Sorry about the lousy notation (blame SDSS!) but remember that rpmag is PSF magnitude and rPmag is a Petrossian magnitude (name for Vahe Petrossian of Stanford).

Let's define a `star_galaxy_cut` of `0.1` in `drmag` to separate the stars and the galaxies, and the visualize with different colors and symbols de stellar locus.



In [None]:
import numpy as np


star_galaxy_cut = 0.1

# Select galaxies: those with |drmag| > star_galaxy_cut

#HighSNRGalaxies = HighSNR_df[np.abs(HighSNR_df['drmag']) > star_galaxy_cut].copy()

stars = HighSNR_df[HighSNR_df['drmag'].abs() < star_galaxy_cut]
galaxies = HighSNR_df[HighSNR_df['drmag'].abs() >= star_galaxy_cut]

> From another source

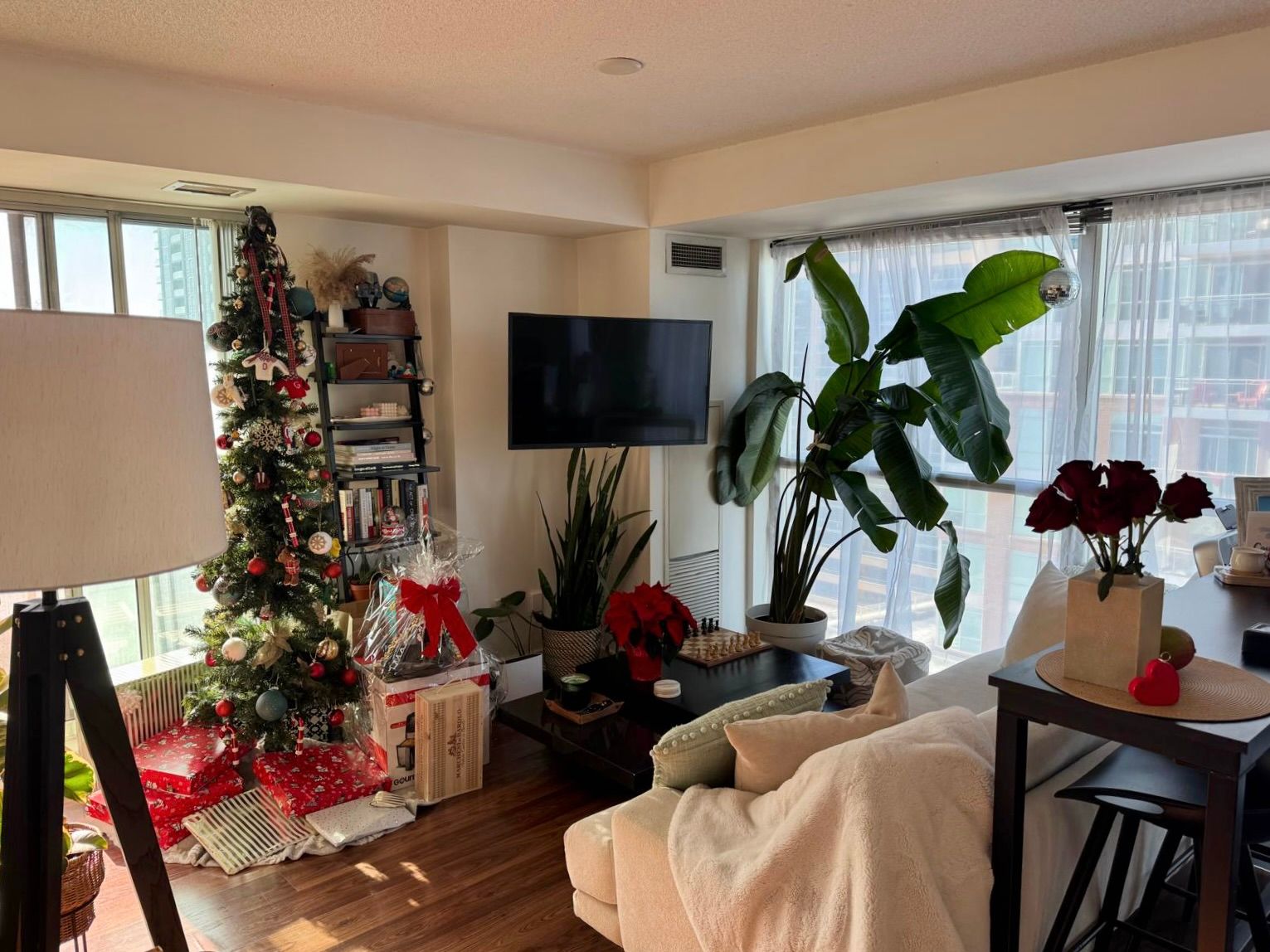 • Wood flooring and floor-to-ceiling windows create a bright atmosphere.

print(f"HighSNR sample: {len(HighSNR_df)} objects")
print(f"High SNR Galaxies: {len(galaxies)} objects")
galaxies.head()



In [None]:
import matplotlib.pyplot as plt

# Create the plot
plt.figure(figsize=(10, 6))

# Plot stars
plt.plot(stars['rPmag'], stars['drmag'],
         'o', color='blue', markersize=2, label=f'Stars (|drmag| < {star_galaxy_cut})')

# Plot galaxies
plt.plot(galaxies['rPmag'], galaxies['drmag'],
         's', color='red', markersize=3, label=f'Galaxies (|drmag| ≥ {star_galaxy_cut})')

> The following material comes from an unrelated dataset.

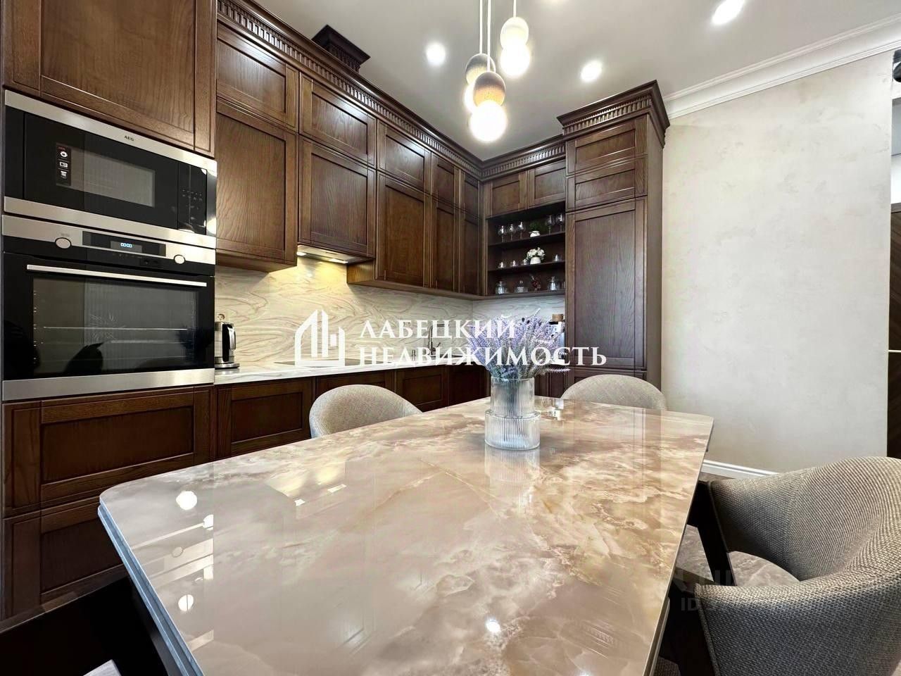 ПРОСТОРНАЯ кухня с ЭРГОНОМИЧНЫМ кухонным гарнитуром из массива дуба со ВСЕЙ необходимой техникой от НЕМЕЦКИХ производителей: Bosсh, AEG, Liebherr, а также, с качественной фурнитурой от бренда Hettich, пристенный щит и столешница - искусственный камень, Испания.

# Add horizontal dashed lines for the separation threshold
# plt.axhline(0.02, color='gray', linestyle='--', linewidth=1)
# plt.axhline(-0.02, color='gray', linestyle='--', linewidth=1)

# Labels and title
plt.xlabel('rPmag')
plt.ylabel('drmag = rpmag – rPmag')
plt.title('Star/Galaxy Separation in High SNR sample')

# Legend
plt.legend()

plt.show()


## Completeness Determination
There are more faint sources than bright ones, for a variety of reasons. This means we should expect a histogram of the number of sources vs. their magnitude to continuously increase. Let's make a plot of the number of sources vs. magnitude, as well as a cumulative plot that takes the integral of number of sources down to some faintness limit $f$, as a function of $f$.

In [None]:
import numpy as np
import matplotlib.pyplot as plt

# Histogram of rPmag magnitudes for galaxies
plt.figure(figsize=(10, 6))
plt.hist(galaxies['rPmag'], bins=40, edgecolor='black')
plt.xlabel(r'$r_{P}$ (mag)')
plt.ylabel('Frequency')
plt.title('Histogram of rPmag Magnitudes (Galaxies)')
plt.show()

# Cumulative counts plot
plt.figure(figsize=(10, 6))
values, base = np.histogram(galaxies['rPmag'], bins=40)

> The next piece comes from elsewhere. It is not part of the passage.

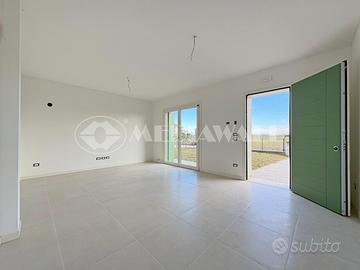 (Riferimento: BR-342-RV) Portogruaro - Giussago (Rif: BR-343-RV) VILLETTA A SCHIERA DI TESTA - POSSIBILITA' DI PERSONALIZZAZIONE - CLASSE A4 - 3 CAMERE 3 BAGNI - AMPIE METRATURE - COMODO GIARDINO - GARAGE - 1 POSTO AUTO SCOPERTO - OTTIME FINITURE - AREA RESIDENZIALE TRANQUILLA A Giussago di Portogruaro, in una laterale di via Riviera, proponiamo questa esclusiva villetta a schiera di testa, costruita nel 2021 e attualmente al grezzo, che viene venduta dall'impresa costruttrice in classe energetica A4. Ideale per famiglie si estende su 125 mq così divisi; AL PIANO TERRA, praticità regna sovrana: garage di 20 mq con basculante motorizzato, sala da pranzo/cucina di 18 mq separata da un disimpegno dal generoso soggiorno di 24 mq, che collega la zona lavanderia al bagno cieco con doccia e alle scale per il piano superiore. AL PIANO PRIMO, privacy e versatilità per tutti: un secondo disimpegno distribuisce la camera matrimoniale di 14 mq con bagno padronale finestrato e doccia (en-suite per relax totale), un bagno comune servito da doccia per le altre stanze, un ripostiglio utile, una camera doppia di 11 mq e una singola di 9 mq - perfette per figli, ospiti o studio. ESTERNO generoso: doppia soluzione con giardino privato recintato su due lati di 175 mq o su tre lati di 250mq per pranzi estivi o giochi, più due posti auto scoperti interni alla proprietà. Finiture e Costruzione L'immobile include porte blindate classe 3, infissi PVC Internorm con triplo vetro e cornici MDF laccato personalizzabili, con opzione tende motorizzate e materiali eco-compatibili per classe A4. Pareti isolate con cappotto EPS 14 cm, tetto con travi legno, perline, tegole e pannelli fibra di legno 10+6 cm. Vuoto sanitario igloo, riscaldamento a pavimento con predisposizione split, pavimenti in gres al piano terra (incluso garage) e legno al primo. Investi ora e risparmia con le agevolazioni! Scegli finiture su misura per un tocc

cumulative = np.cumsum(values)
plt.plot(base[:-1], cumulative, 'ko-')
plt.xlabel(r'$r_{P}$ (mag)')
plt.ylabel('Cumulative Count')
plt.title('Cumulative Count Plot of rPmag Magnitudes (Galaxies)')
plt.yscale('log')
plt.show()






Take a look at the two plots produced above. Is there a threshold magnitude fainter than which there aren't many objects in the catalog of high-SNR galaxies? Remember that larger numbers correspond to fainter objects!  Why might this happen?

<font color="red"> **your input needed here** </font>

The magnitude where the cumulative counts flatten out is the 'magnitude limit' of the catalog.

It's important to remember that the completness of the catalog depends on the distance to the kind of object in question, and that we're plotting *apparent* magnitudes, not *absolute* magnitudes. What's the difference?

<font color="red"> **your input needed here** </font>



### Do we live in a static and Euclidean universe?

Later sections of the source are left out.